How do AI voice agents work?

AI voice agents use a three-stage pipeline: speech-to-text (STT) converts audio to text, an LLM processes the text and generates a response, and text-to-speech (TTS) converts the response back to audio. Production systems stream all three stages simultaneously to achieve sub-500ms response times.

What latency do AI voice agents need?

Production voice agents need sub-500ms end-to-end response time for natural conversation flow. Anything above 800ms causes users to talk over the AI, derailing conversations and dropping completion rates. Achieving this requires a streaming pipeline and careful turn-taking detection.

What are the biggest challenges in building voice AI?

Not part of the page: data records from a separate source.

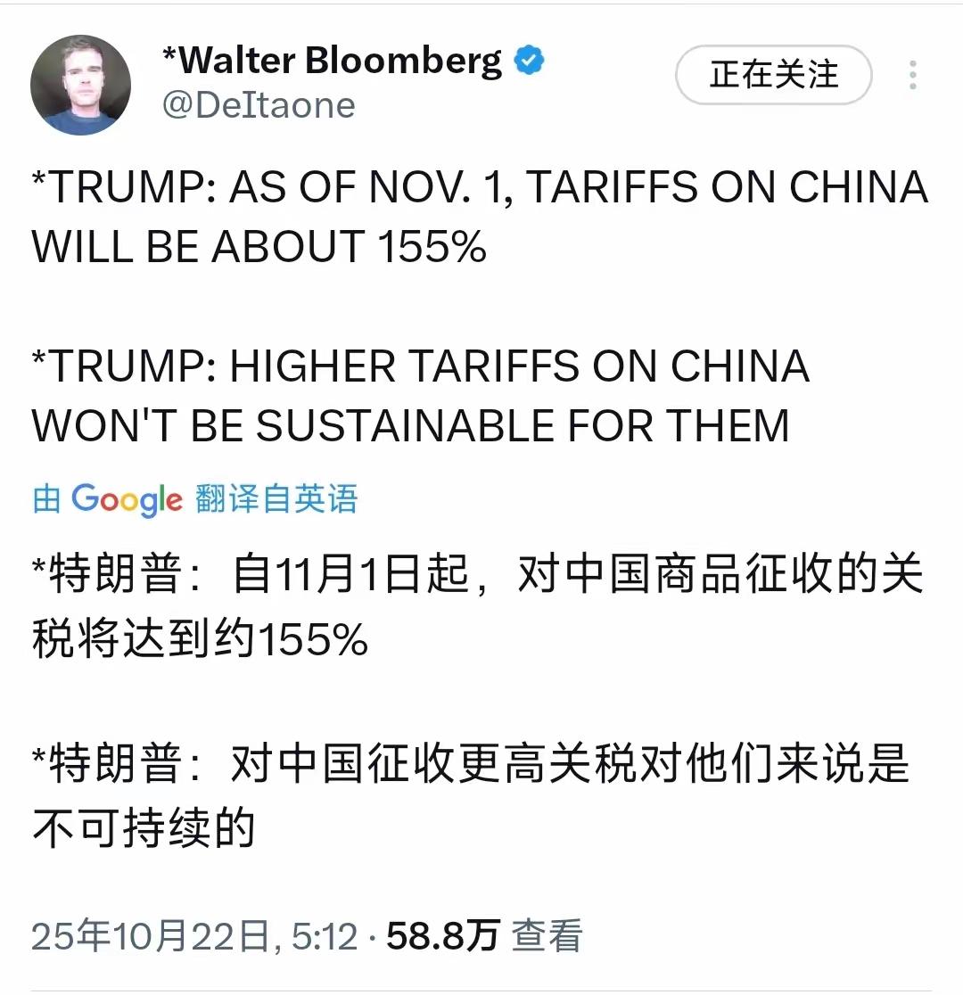 特朗普提出新话术要在下个月对华加征155%的关税又称与华关税不可持续 据特朗普总统社交媒体10月22日消息,其称要在11月1日起对华加征155%的关税,不是之前的100%关税,凭空又多出了55%的关税是用来打压股市为自己建仓吗? 随后其又发文称中美之间的关税贸易战不可持续,难道是为自己1日的政策留有后手吗?对于特朗普这个操纵股市的高手,我们在旁看其表演就好。毕竟中方两次使用稀土牌的力度是早就拿捏好了的,不怕他不乖乖就范。和中国玩谋略,老特再等几年吧!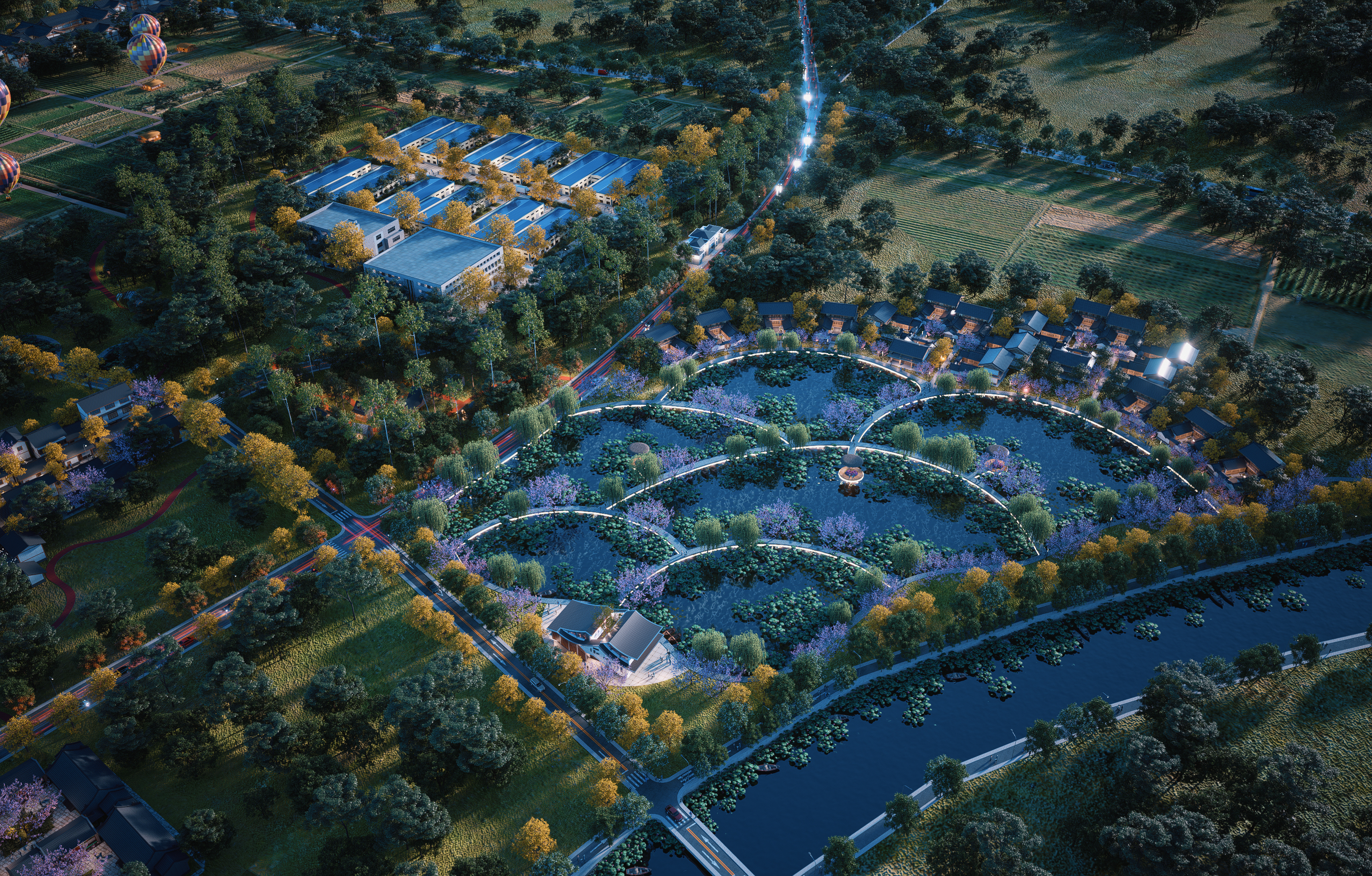 请问灯光和车行道流光都是后期加的吗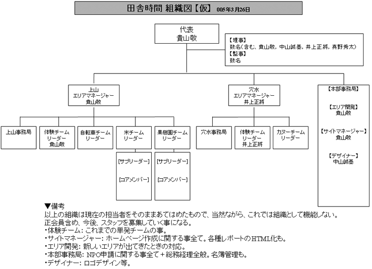 上山事務局と穴水事務局は、貴山・井上が、それぞれ先方に打診。まだNPO申請するわけではないので仮組織ということを理解してもらった上で。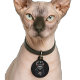 Custom Grim Sensenmann Sphynx Katzenjammer Funny Pet ID-Tag für Katzen. Mit einem realistischen Sphynx Katzengitter-Sensenmann in einem schwarz gehobenen Gewand mit Skeletthänden, die einen Schwanz halten, ein exklusives "Sphynx Cat Art" Design Katzengestalterschild. Füge die Kontaktdaten des Besitzers der Sphynx-Katze auf der Rückseite dieses Identitätsanhängers Katzenkennung und den Namen der Katze auf der Vorderseite hinzu. Ein Muss für jeden Katzenelternteil, falls die haarlose Sphynx Katze oder das Kätzchen entkommt oder sich verirrt.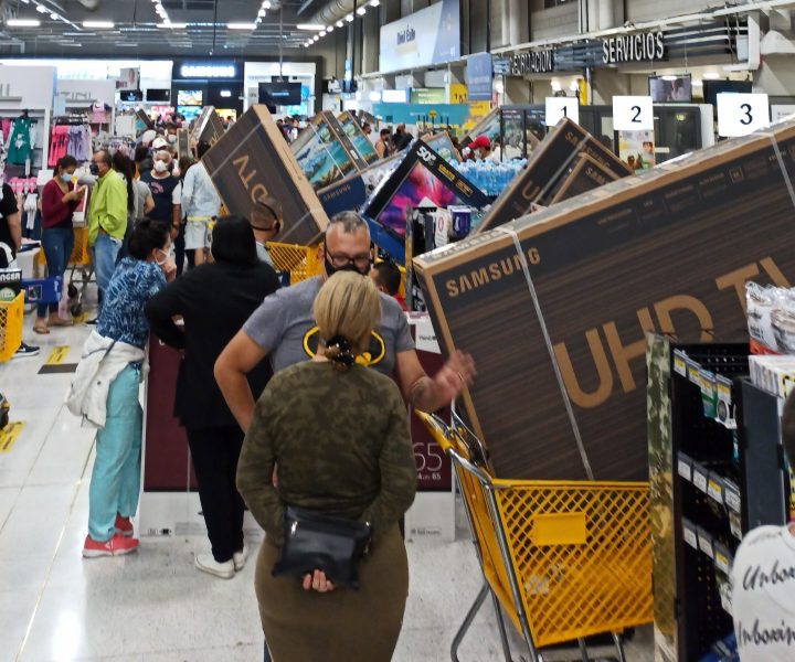 Interminables son las filas a las afueras de centros comerciales en todo el país, las aglomeraciones reinan en los establecimientos y las medidas de bioseguridad para contrarrestar la propagación del Covid-19 hoy quedaron en el olvido por cuenta del Día sin IVA en Colombia.

The three biggest challenges are latency optimization across the STT-LLM-TTS pipeline, barge-in detection (handling when users interrupt the AI mid-sentence), and natural turn-taking management. Users speak more directly and less patiently to AI, requiring thorough edge case handling.

How much does it cost to run an AI voice agent?

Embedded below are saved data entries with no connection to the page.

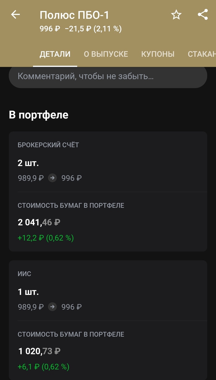 🍏Облигации Полюс ПБО-1. Купил 3 шт, уже есть небольшой рост. Срок 2 года 2 месяца. Рейтинг компании высокий. Выплата каждые полгода. Ближайший купон будет после 10 октября. Зачем купил? Во-первых в моем портфеле очень мало облигаций, понемногу стараюсь повышать их долю. Во-вторых, это надежно. Шанс потерять здесь свои деньги стремится к нулю, но и заработать много не получится. Примерно можно получить 1600 рублей, если вложить 10 тыс рублей, и все это за 2 года.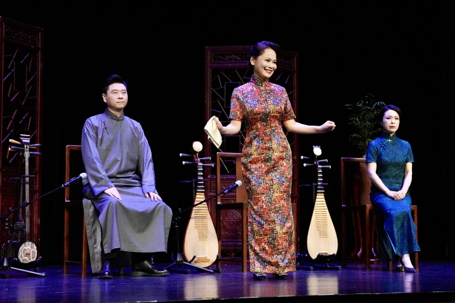 上海评弹团夏陆佳、朱琳、周慧三位优秀女演员分饰青少年、青年、中年三个不同时期的“金珍”,她们以各具特色又浑然一体的表演,刻画人物从青涩倔强、隐忍坚毅到通透绽放的生命历程,完成了一场跨越时空的演技接力。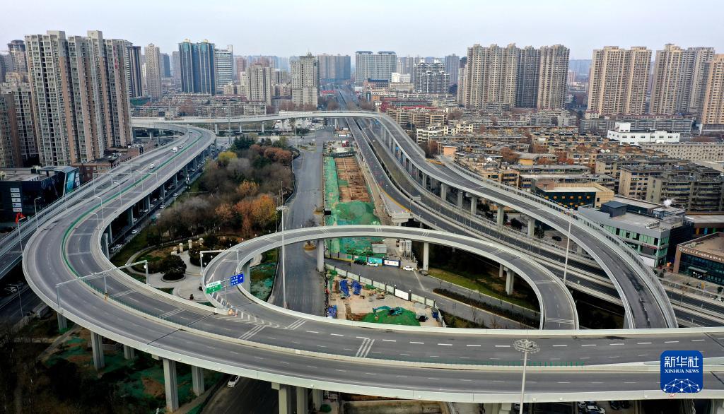 12月28日拍攝的西安市南二環(huán)一處立交橋(無人機照片)。新華社記者 陶明 攝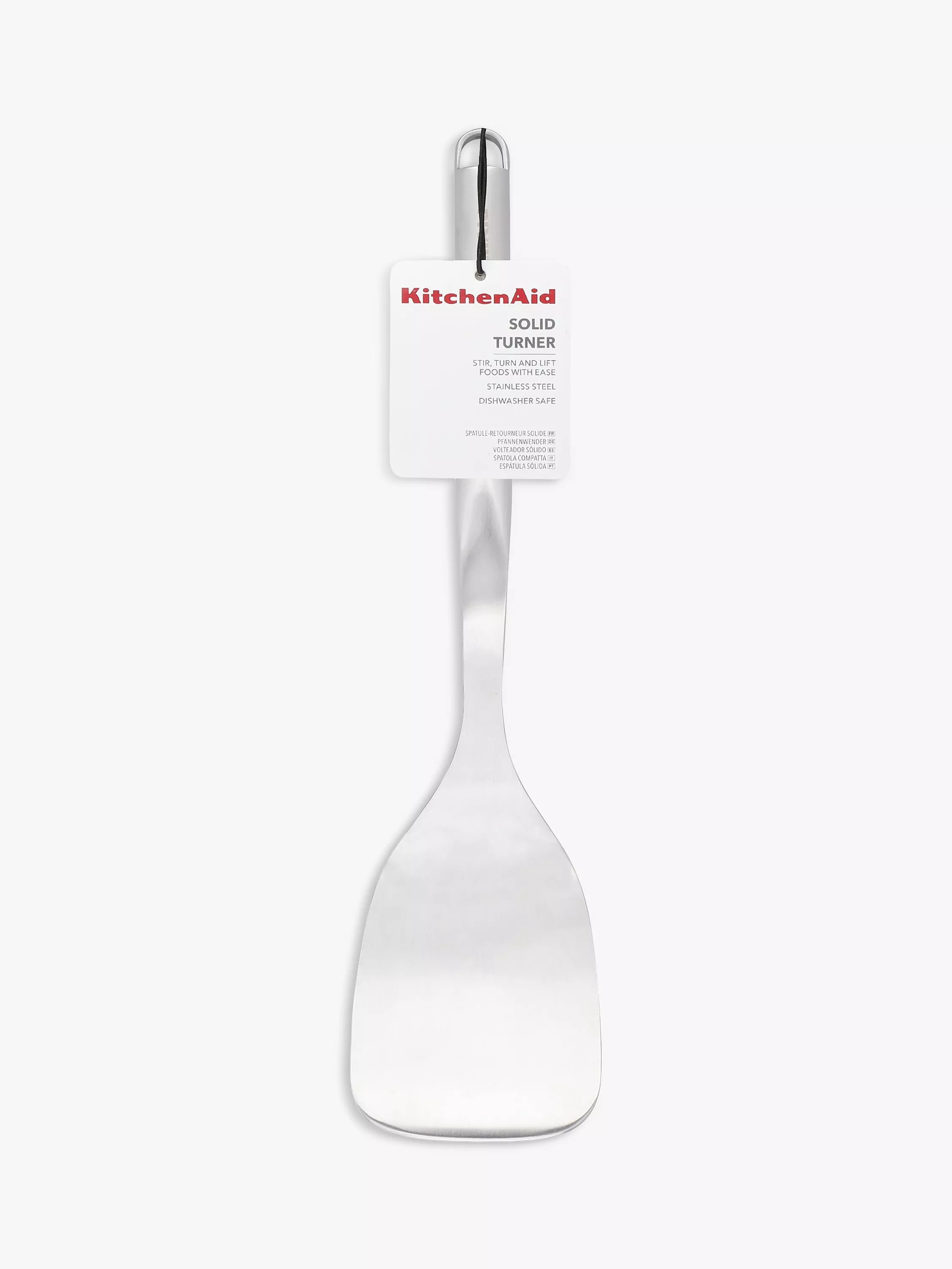 This KitchenAid Premium Solid Turner is a kitchen essential. Use it to stir, turn and lift foods with ease. Durable for everyday use, this piece is made from polished stainless steel, which gives it a sleek, modern look. Plus, it's dishwasher-safe for easy and hygienic cleaning.
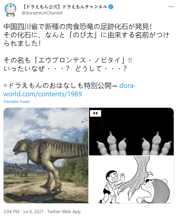 「我們命名為野比氏實雷龍足跡(Eubrontes nobitai),種名贈與野比大雄,是因為《大雄的恐龍》(1980年)和《大雄之新恐龍》(2020年),是優秀的恐龍主題電影,讓不少小讀者喜歡上恐龍。」

Total cost is $0.05-0.25 per minute, or $0.25-1.50 for a typical 5-minute call. This includes STT ($0.005-0.02/min), LLM inference ($0.01-0.10/call), TTS ($0.01-0.05/min), and telephony ($0.01-0.05/min). Compare to $1-3 per minute for human agents.

Operations & Automation

AI Voice Agents: When to Build and When to Skip

By Ashit VoraMarch 14, 20267 min

What Matters

-Production voice AI requires a streaming pipeline processing STT, LLM inference, and TTS simultaneously to achieve sub-500ms response times.
-The STT-to-TTS pipeline has three latency bottlenecks: speech-to-text transcription, LLM reasoning, and text-to-speech synthesis - each must be optimized independently.
-Users tolerate up to 800ms of silence before conversations feel unnatural; above that, completion rates drop significantly.
-Handling interruptions (barge-in detection) and turn-taking naturally are harder engineering problems than the core speech pipeline.

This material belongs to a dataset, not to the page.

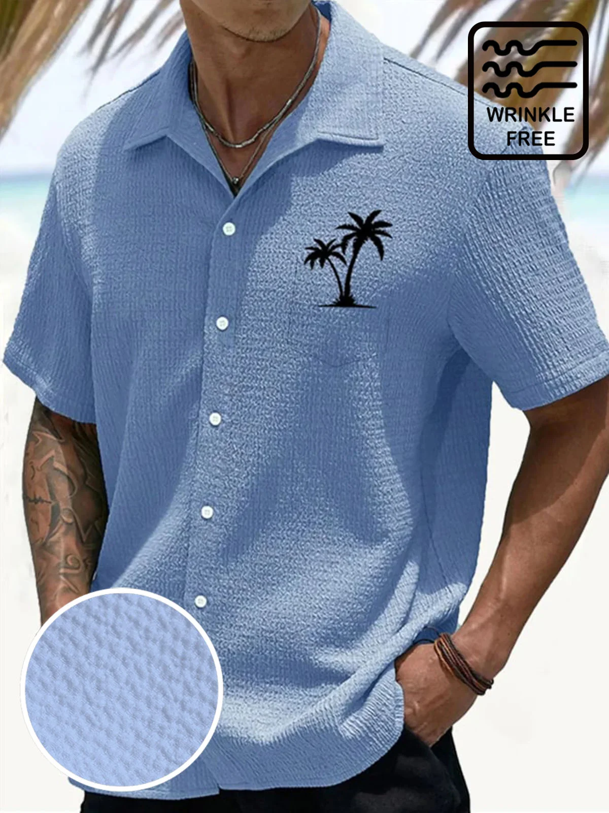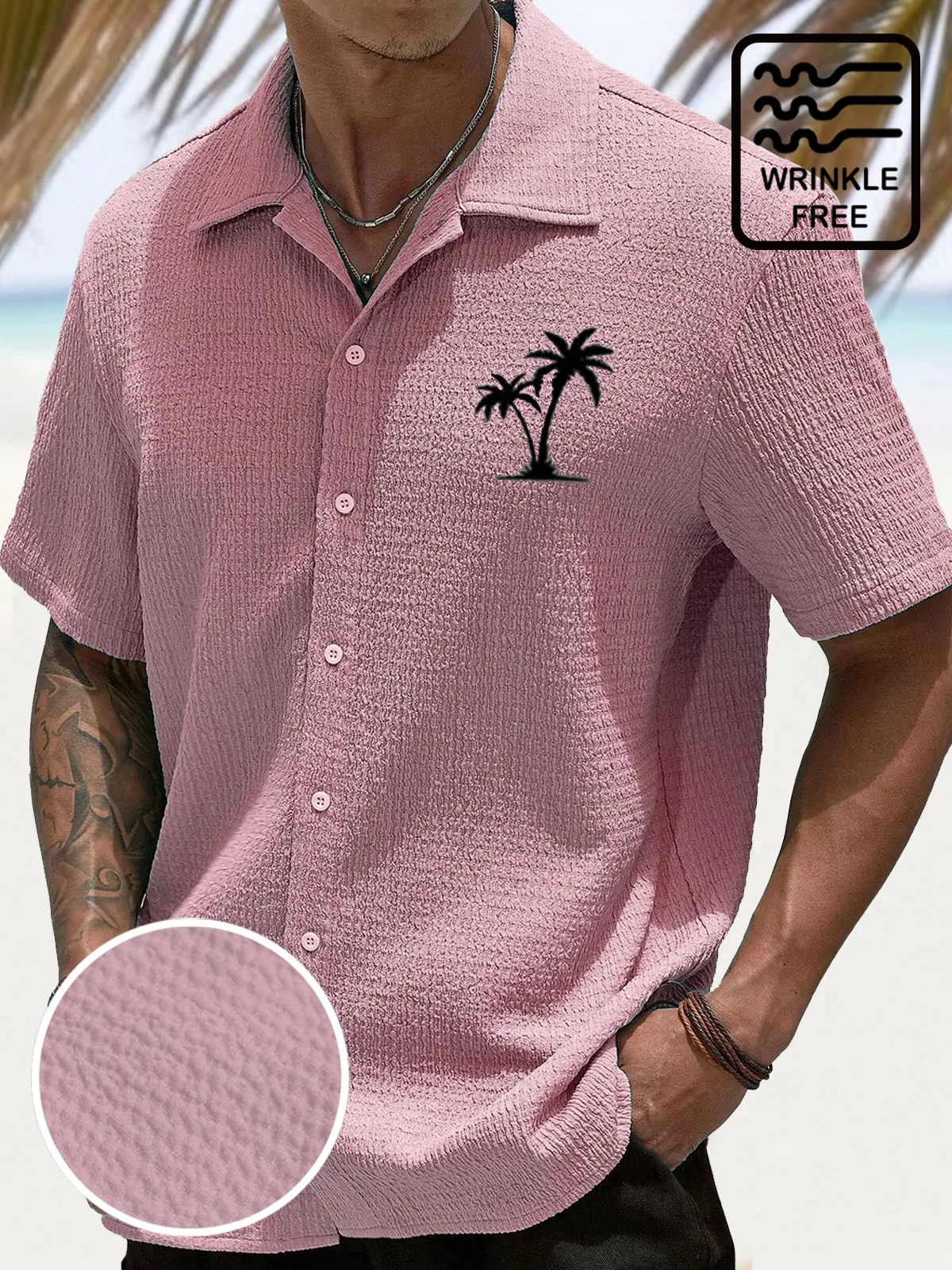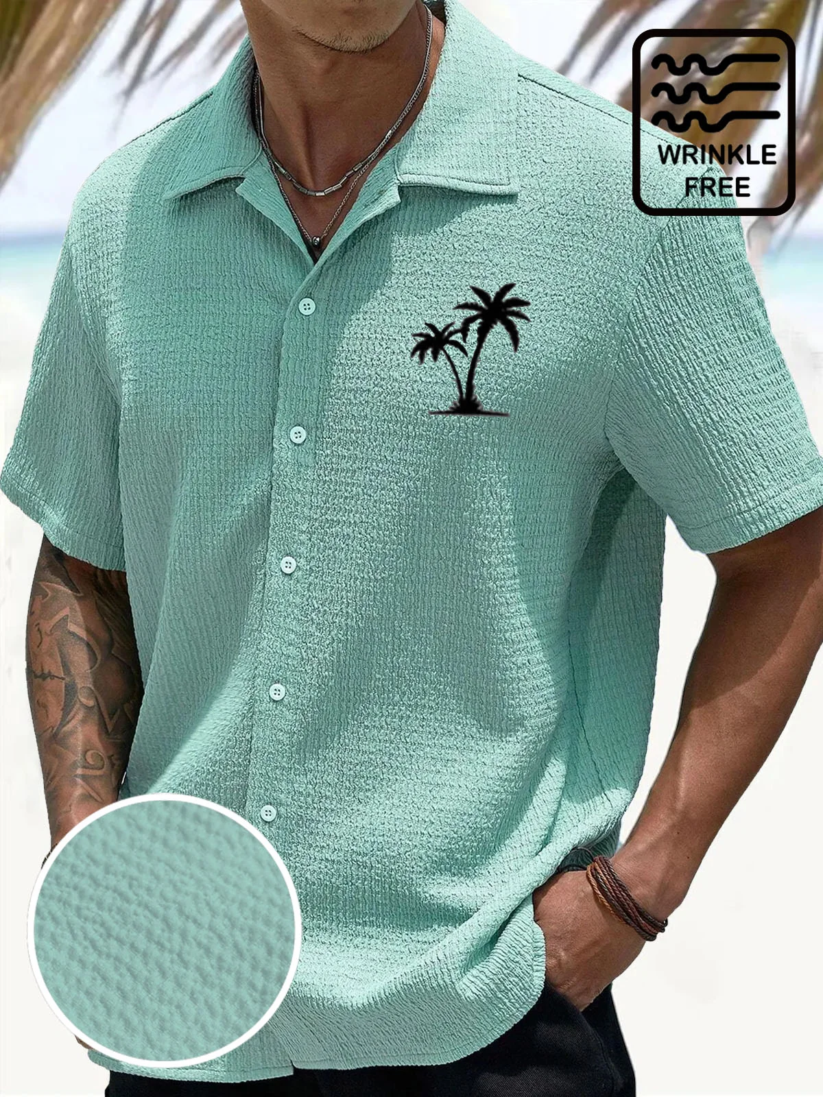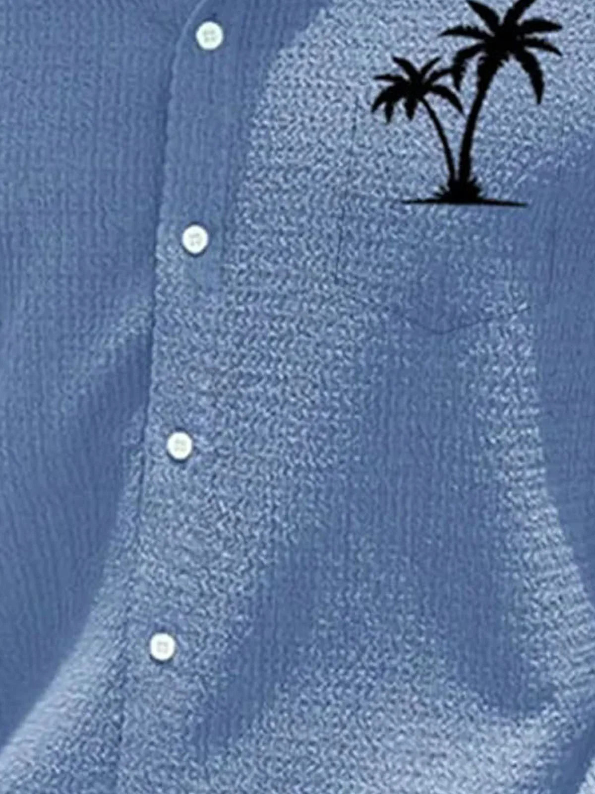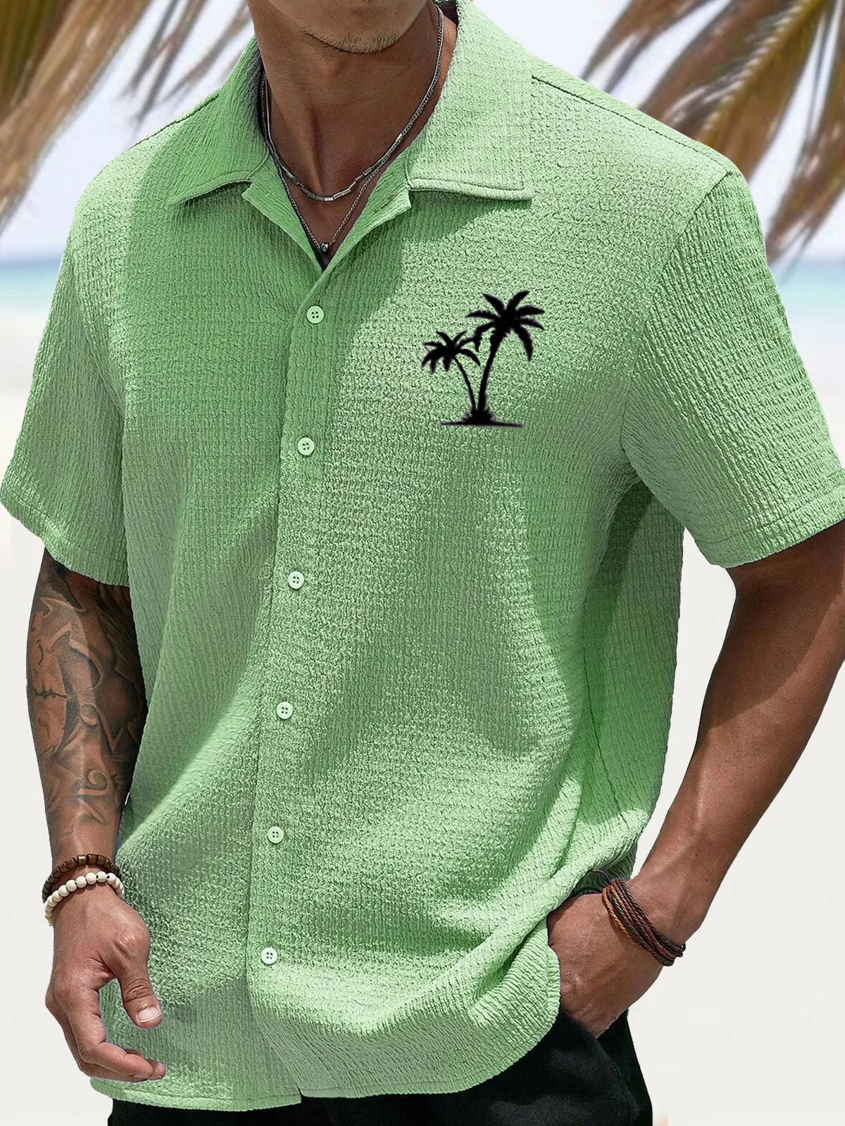 Royaura® Hawaiian Coconut Tree Puff Crepe 3D Digital Print Men's Button Pocket Short Sleeve Shirt Big & Tall

AI voice agents handle phone calls, voice commands, and spoken interactions autonomously. Unlike text-based AI agents that process typed input, voice agents add two demanding constraints: sub-second latency and natural-sounding speech. Get either wrong and the conversation feels broken.

TL;DR

AI voice agents use a three-stage pipeline: speech-to-text (STT), LLM reasoning, and text-to-speech (TTS). The total round-trip must stay under 800ms to feel natural. Current top-performing systems achieve 400-600ms. The biggest technical challenges are reducing latency at each stage, handling interruptions (barge-in), and managing turn-taking. Voice AI is production-ready for structured conversations (appointment booking, order status) but still struggles with open-ended, emotionally complex calls.

Voice Agent Pipeline

Stage 1: Speech-to-Text (STT)

Audio is captured and converted to text using streaming providers like Deepgram (100-200ms), Google Speech-to-Text, or Whisper.

100-300ms

Stage 2: LLM Reasoning

Transcribed text goes to the LLM, which generates a response based on conversation context, tools, and instructions. Streaming starts sending to TTS as first tokens arrive.

200-500ms

Stage 3: Text-to-Speech (TTS)

LLM response is converted to natural-sounding speech using ElevenLabs (highest quality), Cartesia (low latency), or PlayHT. Audio streams as sentences are generated.

100-200ms

The Voice Pipeline

Every voice agent follows the same three-stage pipeline:

Stage 1: Speech-to-Text (STT)

The user speaks. The audio is captured and converted to text. This stage takes 100-300ms depending on the provider and whether you use streaming.

Key providers: Deepgram (fastest, 100-200ms streaming), Google Speech-to-Text, Azure Speech Services, AssemblyAI, Whisper (open source, higher latency).

Optimization: Use streaming STT. Instead of waiting for the user to finish speaking, process audio in chunks as it arrives. Deepgram's streaming API starts returning partial transcripts within 100ms.

Stage 2: LLM Reasoning

The transcribed text goes to the LLM. The LLM generates a response based on the conversation context, tools, and instructions. This is the slowest stage - typically 200-500ms for the first tokens.

Optimization: Use streaming LLM responses. Start sending text to the TTS engine as soon as the first tokens arrive, not after the full response is generated. This overlaps Stage 2 and Stage 3.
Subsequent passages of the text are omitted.